··· Input data

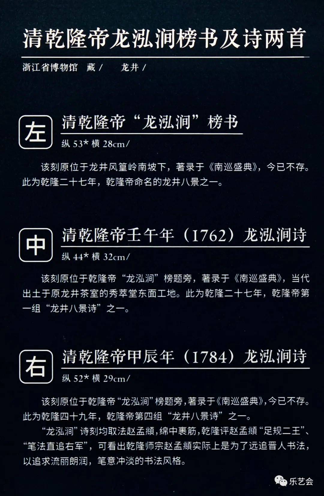 最早的唐代题刻主要集中在天竺寺、定山风水洞等地,五代吴越题刻主要以造像记为主,宋代题刻主要集中在飞来峰、南屏山、烟霞岭等地,元代的题刻多为造像记,明代题刻则以大字榜书为主,清代时更由康熙、乾隆两帝题刻西湖十景、龙井八景等景观,最终奠定了后世杭州西湖文化景观的格局。
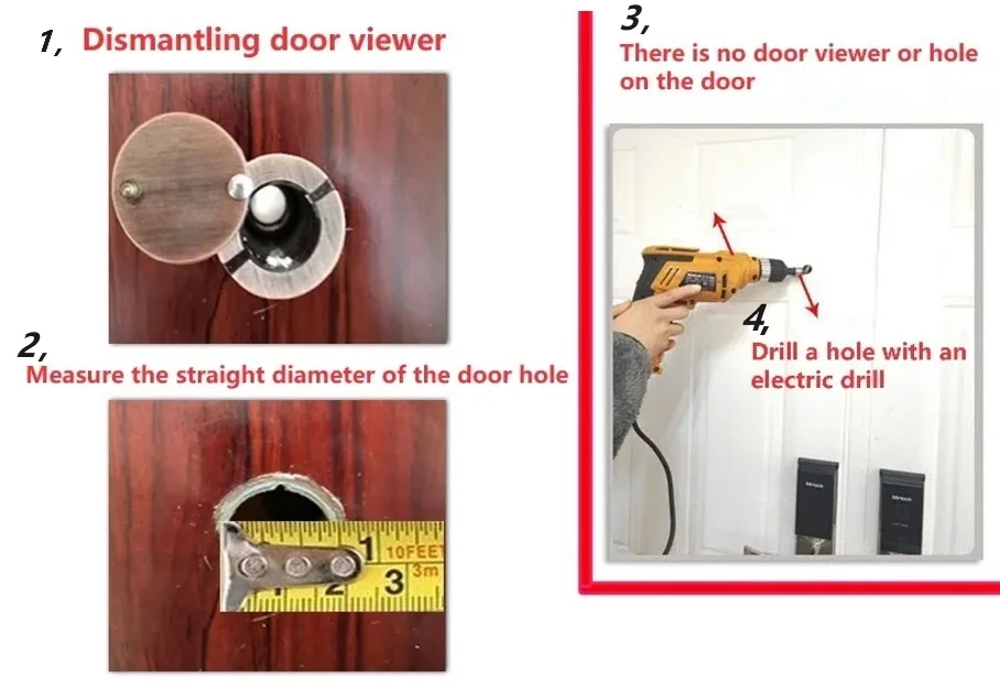 There is no door viewer or door hole on the door, so an electric drill is needed to open a door hole
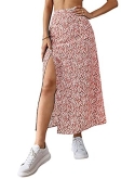 Feature: Ditsy Floral Print, High Side Split, High Waist, A Line, Casual, Maxi Dress
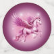 Der kleine Konfetti ist dunkelrot, und auf dem mittelgroßen Konfetti ist ein sanfter rosa Farbverlauf mit magischen Lichtern. Das Bild auf dem großen Konfetti zeigt ein rosa geflügtes Pferd (Pegasus) in Flug mit magischen Lichtern überall herum. Die atemberaubende mythische Kreatur hat auch einige subtile Rot- und lila Farbtöne mit einem schönen rosa, roten und lila Radialgradientenhintergrund. Ideal, um an einer Pegasus-Veranstaltung teilzunehmen!
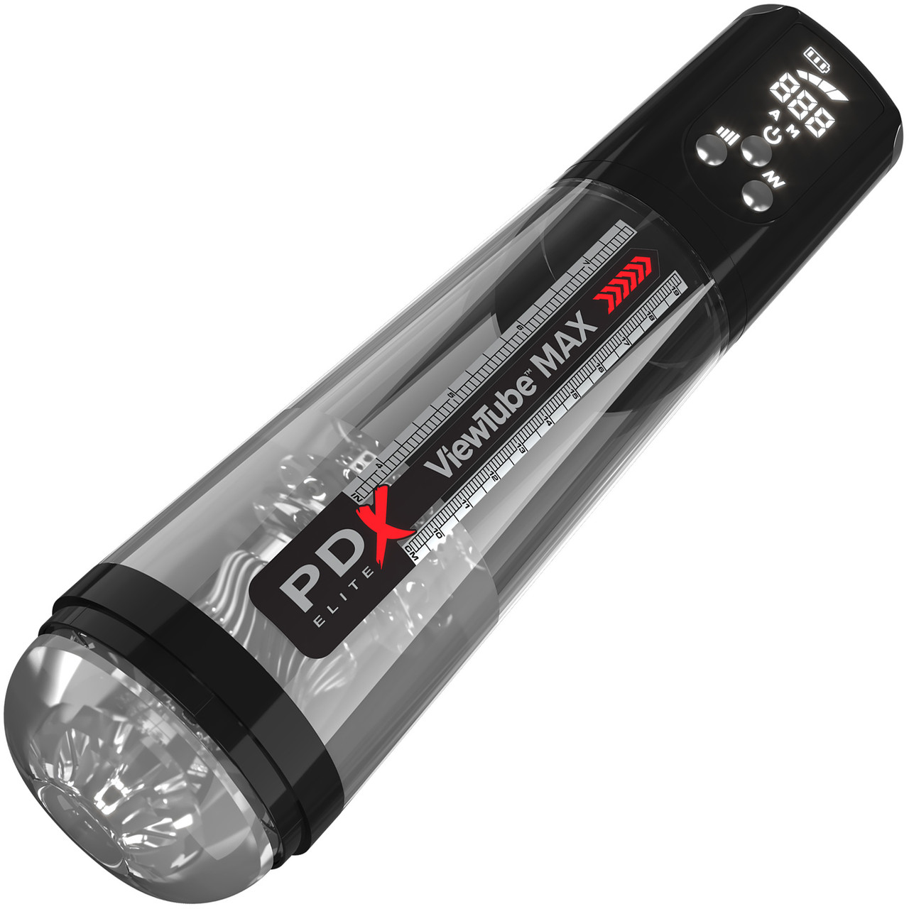 The PDX ELITE VIEWTUBE MAX VIEW elevates masturbation with powerful intermittent suction for the ultimate stroker experience. It’s a perfect storm of sensation for heightened solo sex sessions that can be customized to your personal moods!Get ready for explosive push-button suction, surrounding your penis with ultrasoft automatic sucking action! So what are you waiting for? Stick it in and view your cock magnifying to the MAX!The ViewTube Max View is the latest addition to the ViewTube Collection creating a hybrid design of the best selling PDX Elite Fuck-O-Matic with Intermittent Suction and the Pump Worx Max Boost Pump.INTERMITTENT SUCTION TECHNOLOGY: The ultra-strong motor provides 4 patterns of pleasurable suction modes. Intermittent sucking automatically sucks your penis into the ultra-soft sleeve for pleasures beyond your wildest dreams!PERSONALIZE YOUR SUCTION: Enjoy 4 modes of automatic intermittent suction patterns, or manually control the suction patterns yourself! Increase the suction pressure to maximize stimulation to your penis, to tease and please!ULTRA-SOFT SLEEVE: The extraordinary feel of the ultra-soft sleeve caresses your penis with every suck from the powerful motor. The unique texture wraps around your entire shaft while the ViewTube Max View automatically strokes and vibrates for mind-blowing stimulation!ILLUMINATED LED LIGHTS: Add to the fun and watch your manhood get showered with an array of colored lights as you get stroked and sucked!USB MAGNETIC CHARGING: Ready when you are! Easily and conveniently rechargeable with included magnetic charging cord, offering hours of enjoyment.
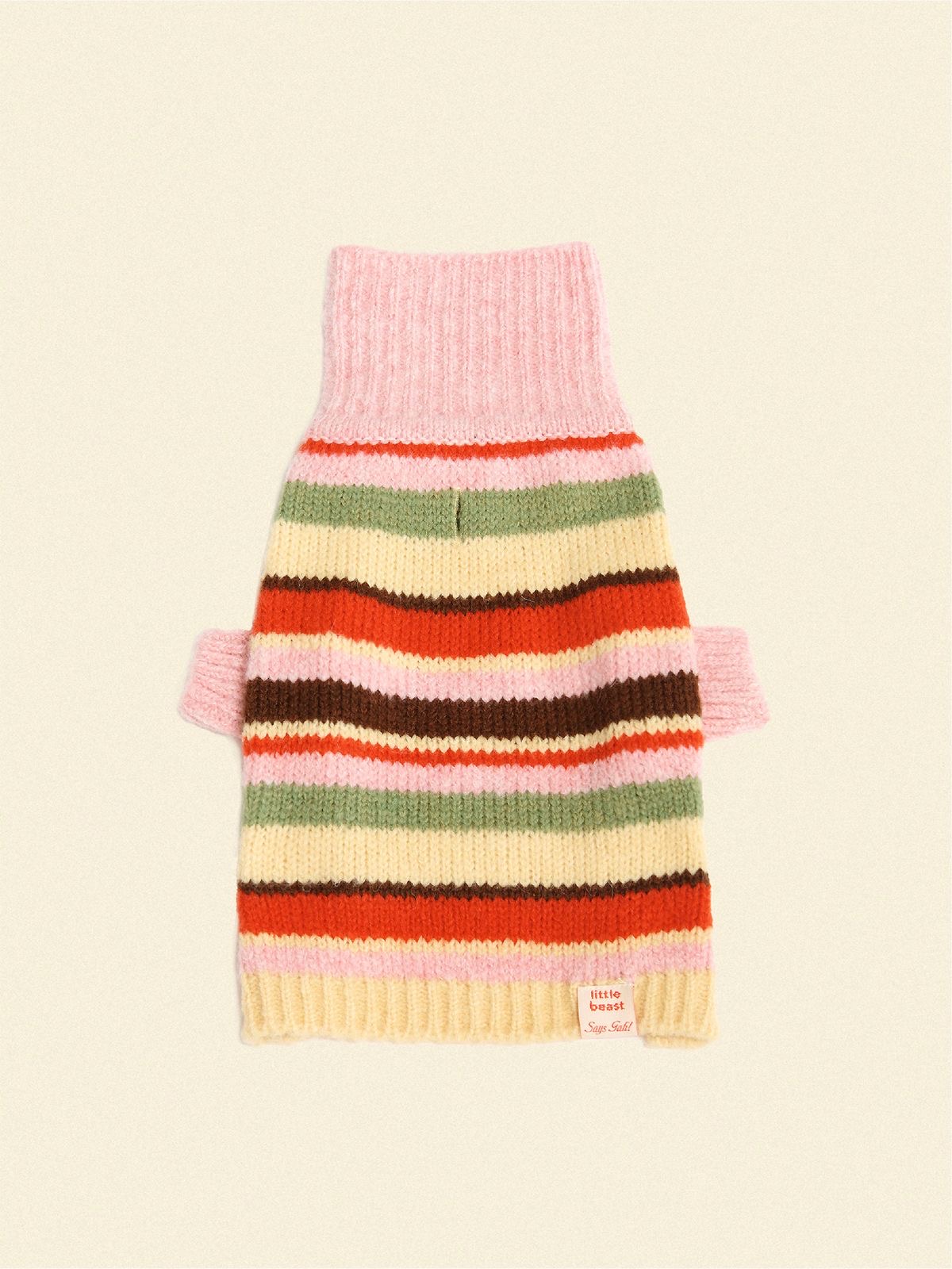Pulover călduros și confortabil pentru câini, realizat din material tricotat moale, cu design colorat în dungi pastel. Ideal pentru plimbările din sezonul rece.

······

| Task description |
Exact repetition required: repeat the first line of the listing above, the line containing "Der kleine Konfetti", and every line between, leaving out pictures.

| Answer space |
 最早的唐代题刻主要集中在天竺寺、定山风水洞等地,五代吴越题刻主要以造像记为主,宋代题刻主要集中在飞来峰、南屏山、烟霞岭等地,元代的题刻多为造像记,明代题刻则以大字榜书为主,清代时更由康熙、乾隆两帝题刻西湖十景、龙井八景等景观,最终奠定了后世杭州西湖文化景观的格局。
 There is no door viewer or door hole on the door, so an electric drill is needed to open a door hole
 Feature: Ditsy Floral Print, High Side Split, High Waist, A Line, Casual, Maxi Dress
 Der kleine Konfetti ist dunkelrot, und auf dem mittelgroßen Konfetti ist ein sanfter rosa Farbverlauf mit magischen Lichtern. Das Bild auf dem großen Konfetti zeigt ein rosa geflügtes Pferd (Pegasus) in Flug mit magischen Lichtern überall herum. Die atemberaubende mythische Kreatur hat auch einige subtile Rot- und lila Farbtöne mit einem schönen rosa, roten und lila Radialgradientenhintergrund. Ideal, um an einer Pegasus-Veranstaltung teilzunehmen!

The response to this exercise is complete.